Wat kun je allemaal aan een trombocyt zien bij labonderzoek?

Je kunt heel veel aan een trombocyt onderzoeken, ondanks dat je die met het blote oog niet kunt zien en je dat dus met behulp van indirecte technieken moet doen. Rode bloedcellen kun je in een buisje zien klonteren, maar trombocyten niet, want die zijn daarvoor te klein en hebben te weinig kleur. Je kunt verschillende aspecten testen, bijvoorbeeld of trombocyten op de goede manier kunnen activeren en klonteren (aggregeren noemen we dat), waardoor ze in de bloedbaan hun functie kunnen uitoefenen. Daar kan van alles mee mis zijn en met verschillende technieken kun je dat bepalen. In veel ziekenhuizen kunnen ze dat zelf bepalen, met o.a. zogenaamde aggregatietesten. Dat kunnen we hier binnen Sanquin ook.
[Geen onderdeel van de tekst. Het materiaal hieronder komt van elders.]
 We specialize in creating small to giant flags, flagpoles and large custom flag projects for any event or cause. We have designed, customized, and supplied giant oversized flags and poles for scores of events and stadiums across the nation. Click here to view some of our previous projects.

Wat kun je nog meer onderzoeken?

Aan de buitenkant van een trombocyt bevinden zich veel verschillende structuren waaraan verschillende factoren zich kunnen binden. We kunnen onderzoeken of die structuren inderdaad aanwezig zijn. Zelfs met een elektronenmicroscoop kun je dat moeilijk zien, het is allemaal zo klein, maar met interactie-techniekjes kun je dat bepalen.
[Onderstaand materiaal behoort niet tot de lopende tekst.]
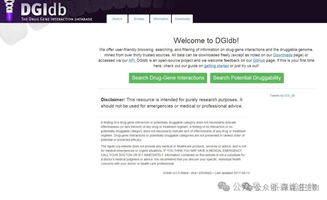 DGIdb数据库(Drug-Gene Interaction Database),是一个药物-基因相互作用数据库,提供了基因与其已知或潜在药物关联信息,目前已经更新到4.0版本。里面的基因主要是癌基因,但是也有一些其他疾病(例如阿尔兹海默病、心脏病、糖尿病等)的相关基因。DGIdb一共有超过14000种药物-基因的相互作用,涉及2600个基因和6300中靶向这些基因的药物,还包括了6700个其他的基因,这些基因很有可能成为未来药物的靶标。

Ook onderzoeken we de binding van antistoffen. Antistoffen, ook wel antilichamen genoemd, zijn een onderdeel van ons afweersysteem. Je kunt bijvoorbeeld antistoffen aanmaken tegen virussen of bacteriën, zodat die door ons afweersysteem kunnen worden opgeruimd. Zo kun je ook antistoffen aanmaken tegen bloedgroepen op trombocyten die niet van jezelf zijn (en waarop bloedgroepen zitten die je zelf niet hebt) na transfusie van trombocyten van een donor. Tijdens een zwangerschap kun je ook antistoffen aanmaken tegen de trombocyten van het nog ongeboren kind. Daarnaast is het ook mogelijk dat je autoantistoffen aanmaakt tegen je eigen trombocyten. Dan is er sprake van een zogenaamde auto-immuunziekte en breek je dus ongewenst je eigen trombocyten af. Binnen ons laboratorium kunnen we de antistoffen tegen trombocyten aantonen en daarmee de behandelend arts helpen bij de behandeling van patiënten met een tekort aan trombocyten.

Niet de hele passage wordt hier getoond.